--- EXTRACTED ENTRIES ---
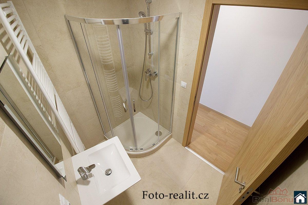 Koupelna je vybavena sprchovým koutem a WC je společné.
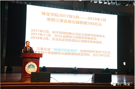 自2017年珠宝学院陆续获得旭平首饰有限公司、ZEGL品牌和东莞尚正堂集团三家企业的奖教学发展基金后,学院积极开展工作,制定落实三家企业的发展基金使用细则,学院将每年用于学生12万元奖学金细化分解到奖励优秀毕业设计、优秀学生干部以及鼓励学生参加行业设计/技能比赛等几个方面,营造学院整体积极向上的学风氛围。
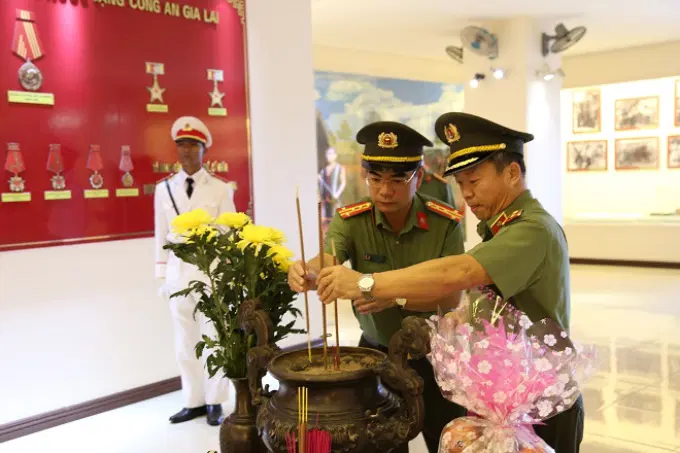 Đoàn công tác dâng hương, chụp ảnh lưu niệm tại Nhà Truyền thống Công an tỉnh Gia Lai
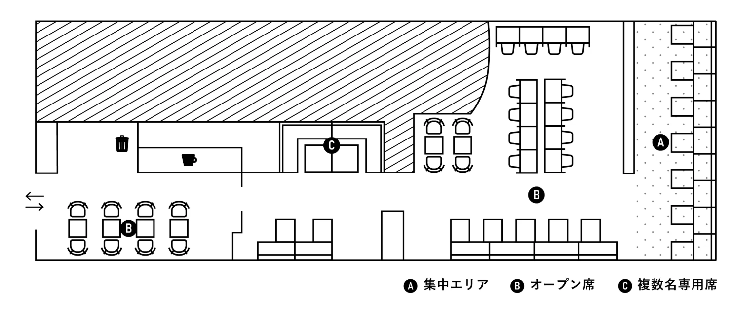 A 集中エリア(7席):通話や打ち合わせは不可、静かな空間で作業が捗ります。
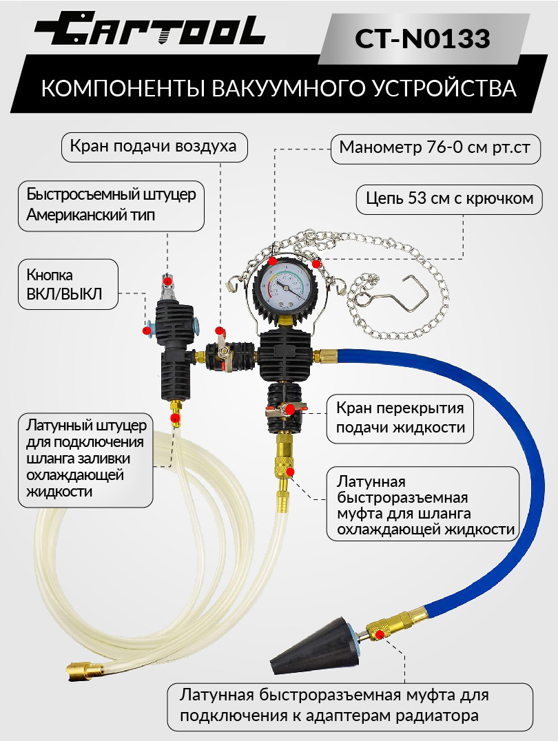 - быстросъёмный адаптер с клапаном сброса давления - адаптеры крышки радиатора:
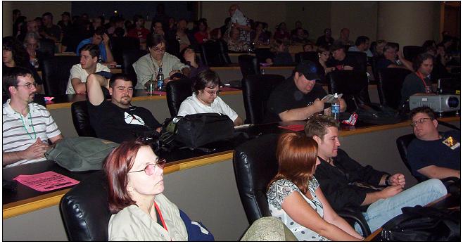When I first got to the convention/film festival, I went to pick up my ID tag, only it wasn’t in the folder for the Ns, so I had to go to the (and I wish I was making this up, but I’m not) Trouble line. After a few minutes in the Trouble li – okay, to be honest, I’m actually kind of proud of being in put there – eventually, I got to head of the line, and the woman behind the Trouble counter said there would be no problem printing up a tag for me.
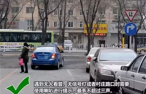 ●1.在无信号、无人看管路口建议使用喇叭提示,最多三声即可。
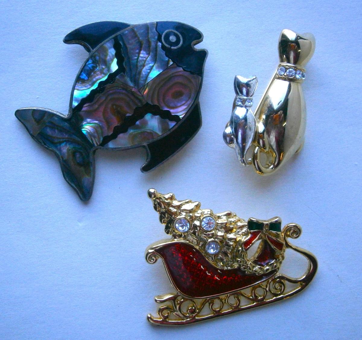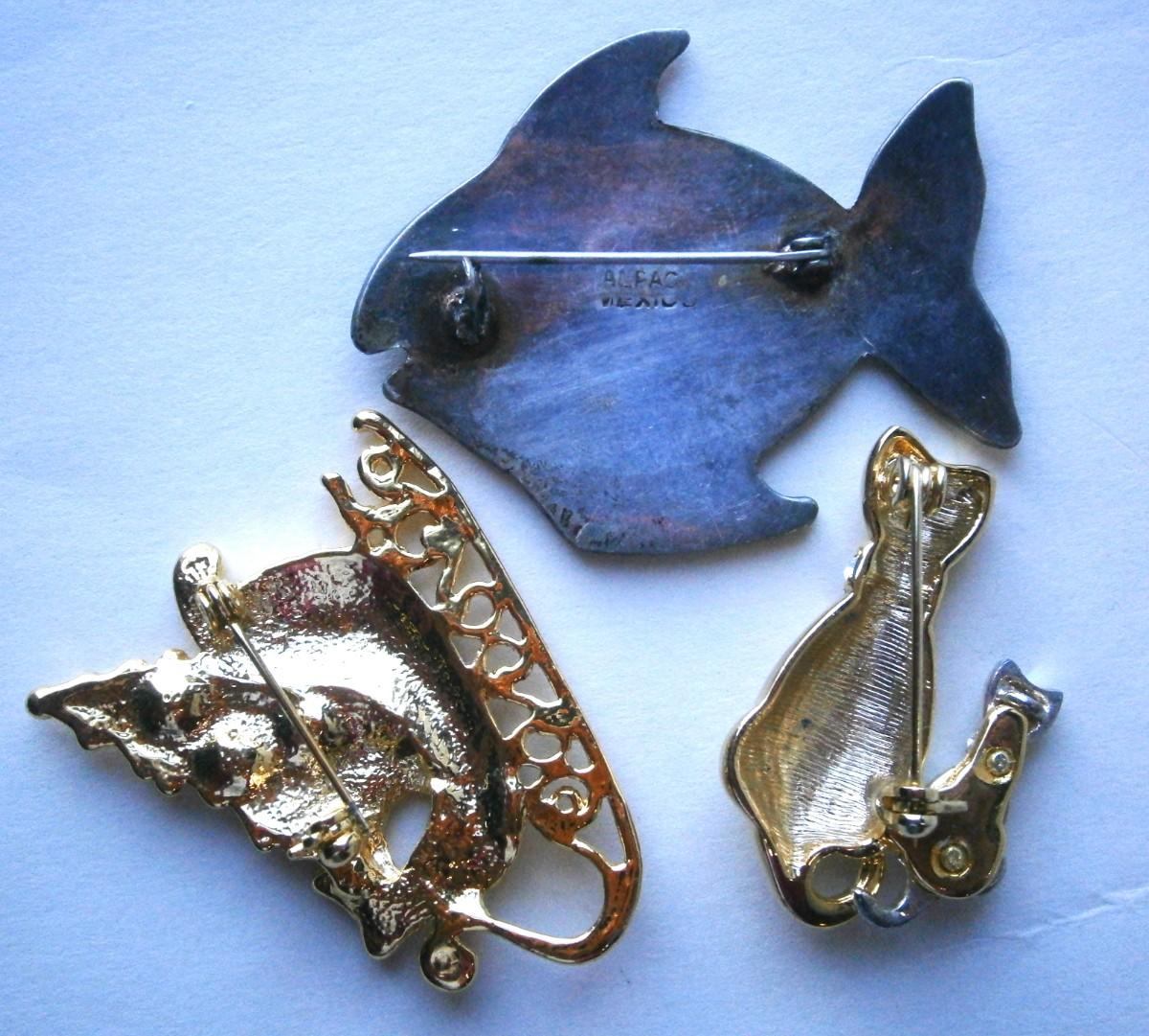 (3) Vintage Costume Jewelry Pins, 1 3/4 t 2 in. wide, metal with gold finish, fish is made in Mexico and is Alpaca with Mother of Pearl.

--- INSTRUCTIONS TO FOLLOW ---
A verbatim copy of the records above, without pictures, is required.

--- ANSWER SPACE ---
 Koupelna je vybavena sprchovým koutem a WC je společné.
 自2017年珠宝学院陆续获得旭平首饰有限公司、ZEGL品牌和东莞尚正堂集团三家企业的奖教学发展基金后,学院积极开展工作,制定落实三家企业的发展基金使用细则,学院将每年用于学生12万元奖学金细化分解到奖励优秀毕业设计、优秀学生干部以及鼓励学生参加行业设计/技能比赛等几个方面,营造学院整体积极向上的学风氛围。
 Đoàn công tác dâng hương, chụp ảnh lưu niệm tại Nhà Truyền thống Công an tỉnh Gia Lai
 A 集中エリア(7席):通話や打ち合わせは不可、静かな空間で作業が捗ります。
 - быстросъёмный адаптер с клапаном сброса давления - адаптеры крышки радиатора:
When I first got to the convention/film festival, I went to pick up my ID tag, only it wasn’t in the folder for the Ns, so I had to go to the (and I wish I was making this up, but I’m not) Trouble line. After a few minutes in the Trouble li – okay, to be honest, I’m actually kind of proud of being in put there – eventually, I got to head of the line, and the woman behind the Trouble counter said there would be no problem printing up a tag for me.
 ●1.在无信号、无人看管路口建议使用喇叭提示,最多三声即可。
 (3) Vintage Costume Jewelry Pins, 1 3/4 t 2 in. wide, metal with gold finish, fish is made in Mexico and is Alpaca with Mother of Pearl.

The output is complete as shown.